Advocates: MTA Must Redistribute Service To Protect Low-Income, Essential Workers
Crowded trains and buses in communities of color are spreading the virus, but the agency says it is doing all it can to protect riders.
The Metropolitan Transportation Authority must reapportion service so that essential workers — most of whom are low-income people of color — don’t contract the deadly coronavirus inside packed subways and buses, a coalition of transit advocacy groups said Tuesday.
As the coronavirus ravages the five boroughs, killing 3,202 New Yorkers as of Tuesday morning, officials are urging residents to stay home and avoid public transit. But those who keep the city running, including cooks, cleaners, doctors, nurses, first responders, and grocery workers — 76 percent of whom are people of color, according to the U.S. Census — can’t work at home from a computer.
With city data showing that many essential workers hail from communities that are suffering disproportionately from the virus, including the Bronx, central Queens, and central and east Brooklyn, the more-than-dozen-member coalition urged the MTA to prioritize service in those neighborhoods over ones where ridership is lighter.

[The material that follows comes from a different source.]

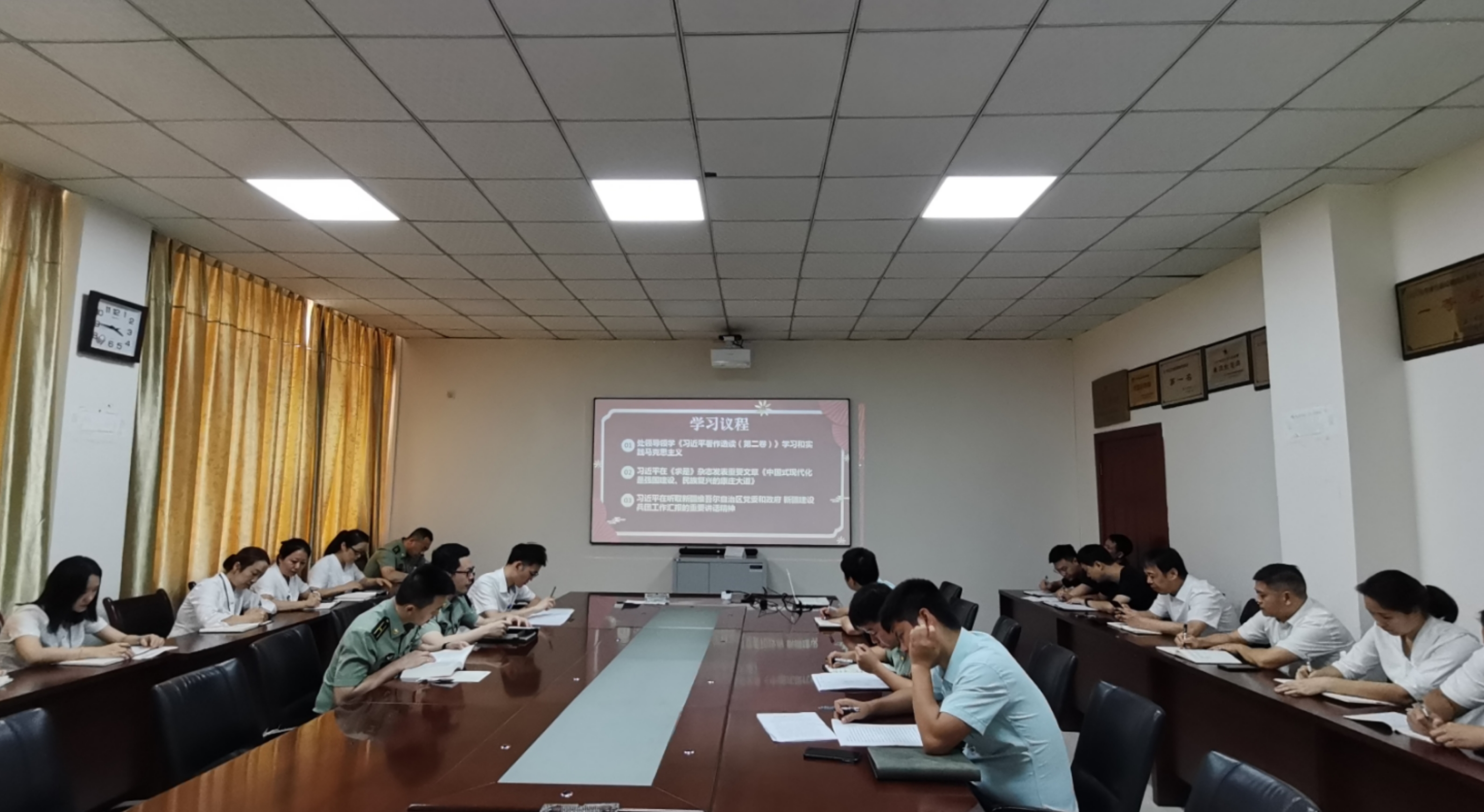 院务处党支部根据医院党委要求,深入开展学习贯彻习近平新时代中国特色社会主义思想主题教育。本周起,由院务处处长领导院务处全体党员、机关人员、各班组长对党的章程、二十大报告及习主席著作进行了逐字逐句学习研读,并结合工作实际,深入开展检视剖析。学习过程中对因故不能参加学习的人员均制定了补学计划,每次学习前安排专人进行资料收集和下发,保证参学人员能先预习再学习,确保学习效果落地,认真抓好落实。

“Our organizations are alarmed that crowding on particular MTA bus and train routes poses an imminent public health threat to New Yorkers, especially black and brown communities where the city’s essential workforce is concentrated,” said the groups, which included the Transit Center, Riders Alliance, NYPIRG Straphangers Campaign, and New York Immigration Coalition. “We request that service be redistributed to the greatest extent possible to lessen crowding on transit and prevent COVID-19 from disproportionately harming New Yorkers who must ride buses and trains during the crisis.”
But MTA spokeswoman Abbey Collins responded that the groups are “politicizing a public health crisis,” and said that the MTA is doing all it can to protect passengers, including augmenting service on the packed No. 2 train, which serves residents of the Bronx and central Brooklyn. (The Daily News had coverage of that late yesterday.)
“The MTA Essential Service Plan, which was implemented more than three weeks ago to keep these heroic essential workers moving, is based on data and facts,” Collins told Streetsblog.
But advocates urged even more shifting of service, noting that bus operators had reported that “some routes are running with almost no riders, while others, such as those serving hospitals, remain too crowded for passengers to maintain a safe distance.”
Photo of a packed subway train in NYC on April 2, 2020 at evening rush hour. Most of the riders are black and brown. This crisis IS and WILL CONTINUE to disproportionately effect marginalized communities. #COVID19 #coronavirus #pandemic #BlackLivesMatter #PeoplesBailout pic.twitter.com/LrTyak075n
— Christina (@StinaAvenida) April 3, 2020
Included among essential workers are the staff of the MTA itself. The public-health emergency has caused a massive decline in ridership — 92 percent — but also means there are fewer workers to run the trains and buses. MTA New York City Transit President Sarah Feinberg announced yesterday that 33 agency employees had died from the virus and thousands more are under quarantine.
While we're waiting for a breakdown by race in NYC, this map tells a stark story. Coronavirus is hitting low-income communities of color extraordinarily hard: pic.twitter.com/ZSCT64MZoq
— Mark D. Levine (@MarkLevineNYC) April 3, 2020
https://twitter.com/RidersAlliance/status/1247263472649469952
The coalition said that it understood that the MTA faces “tough constraints,” but insisted that “the situation is so urgent, and the consequences of delay or inaction so grave, that service changes must be enacted despite these obstacles … to enable transit riders making essential trips to maintain safe physical distance on vehicles.”